<<<<

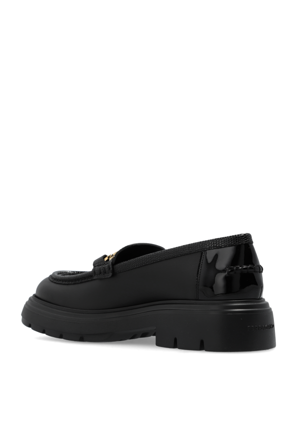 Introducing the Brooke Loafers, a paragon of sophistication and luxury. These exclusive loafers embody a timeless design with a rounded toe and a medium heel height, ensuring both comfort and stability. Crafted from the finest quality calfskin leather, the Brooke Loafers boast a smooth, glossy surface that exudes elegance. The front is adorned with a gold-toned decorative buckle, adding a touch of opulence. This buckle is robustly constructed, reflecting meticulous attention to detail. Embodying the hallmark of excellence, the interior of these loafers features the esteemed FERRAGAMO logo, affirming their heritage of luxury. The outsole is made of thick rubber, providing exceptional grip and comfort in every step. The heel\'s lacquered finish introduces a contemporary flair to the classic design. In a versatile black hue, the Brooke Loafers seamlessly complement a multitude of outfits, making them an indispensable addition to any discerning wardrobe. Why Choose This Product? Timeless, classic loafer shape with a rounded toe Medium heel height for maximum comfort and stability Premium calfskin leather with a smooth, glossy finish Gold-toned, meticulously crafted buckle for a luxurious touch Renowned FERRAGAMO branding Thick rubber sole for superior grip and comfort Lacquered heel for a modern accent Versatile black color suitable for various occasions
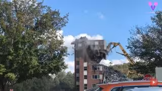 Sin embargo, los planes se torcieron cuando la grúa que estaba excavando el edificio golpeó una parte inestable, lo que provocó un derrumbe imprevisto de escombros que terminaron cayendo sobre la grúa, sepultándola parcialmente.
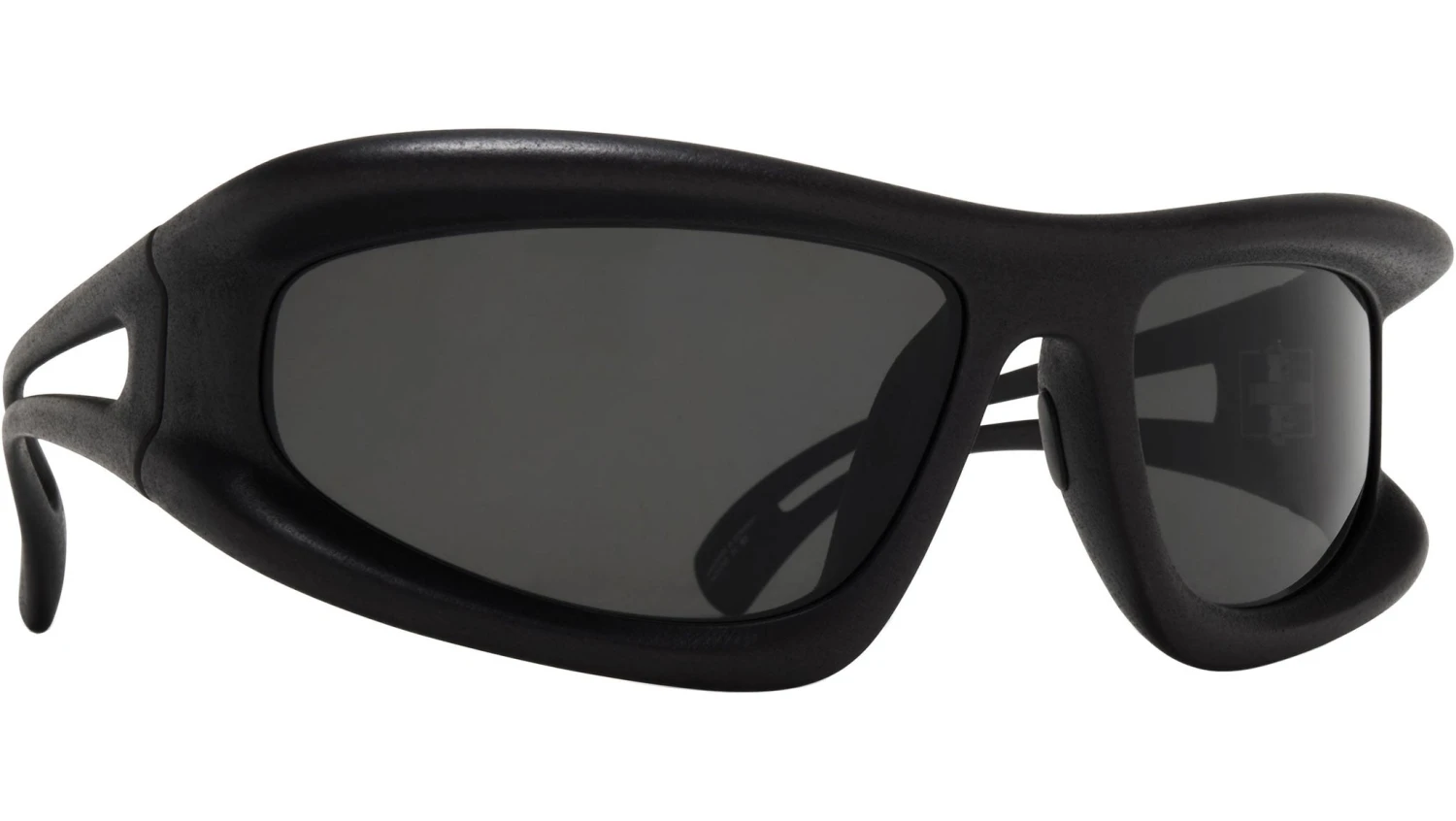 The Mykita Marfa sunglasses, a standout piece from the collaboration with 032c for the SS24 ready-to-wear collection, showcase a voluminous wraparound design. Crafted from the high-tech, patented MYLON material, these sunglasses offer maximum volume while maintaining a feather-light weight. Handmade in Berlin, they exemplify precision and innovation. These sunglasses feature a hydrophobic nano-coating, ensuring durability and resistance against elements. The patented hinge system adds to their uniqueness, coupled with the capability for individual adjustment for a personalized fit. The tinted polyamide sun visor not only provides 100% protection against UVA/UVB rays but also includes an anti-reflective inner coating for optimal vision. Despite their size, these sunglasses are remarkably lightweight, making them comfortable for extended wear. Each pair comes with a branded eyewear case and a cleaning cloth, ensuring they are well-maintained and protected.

>>>>

- [Work required]: Only the pictures are to be left out; repeat all other material exactly.

- [Solution for this exercise]:
 Introducing the Brooke Loafers, a paragon of sophistication and luxury. These exclusive loafers embody a timeless design with a rounded toe and a medium heel height, ensuring both comfort and stability. Crafted from the finest quality calfskin leather, the Brooke Loafers boast a smooth, glossy surface that exudes elegance. The front is adorned with a gold-toned decorative buckle, adding a touch of opulence. This buckle is robustly constructed, reflecting meticulous attention to detail. Embodying the hallmark of excellence, the interior of these loafers features the esteemed FERRAGAMO logo, affirming their heritage of luxury. The outsole is made of thick rubber, providing exceptional grip and comfort in every step. The heel\'s lacquered finish introduces a contemporary flair to the classic design. In a versatile black hue, the Brooke Loafers seamlessly complement a multitude of outfits, making them an indispensable addition to any discerning wardrobe. Why Choose This Product? Timeless, classic loafer shape with a rounded toe Medium heel height for maximum comfort and stability Premium calfskin leather with a smooth, glossy finish Gold-toned, meticulously crafted buckle for a luxurious touch Renowned FERRAGAMO branding Thick rubber sole for superior grip and comfort Lacquered heel for a modern accent Versatile black color suitable for various occasions
 Sin embargo, los planes se torcieron cuando la grúa que estaba excavando el edificio golpeó una parte inestable, lo que provocó un derrumbe imprevisto de escombros que terminaron cayendo sobre la grúa, sepultándola parcialmente.
 The Mykita Marfa sunglasses, a standout piece from the collaboration with 032c for the SS24 ready-to-wear collection, showcase a voluminous wraparound design. Crafted from the high-tech, patented MYLON material, these sunglasses offer maximum volume while maintaining a feather-light weight. Handmade in Berlin, they exemplify precision and innovation. These sunglasses feature a hydrophobic nano-coating, ensuring durability and resistance against elements. The patented hinge system adds to their uniqueness, coupled with the capability for individual adjustment for a personalized fit. The tinted polyamide sun visor not only provides 100% protection against UVA/UVB rays but also includes an anti-reflective inner coating for optimal vision. Despite their size, these sunglasses are remarkably lightweight, making them comfortable for extended wear. Each pair comes with a branded eyewear case and a cleaning cloth, ensuring they are well-maintained and protected.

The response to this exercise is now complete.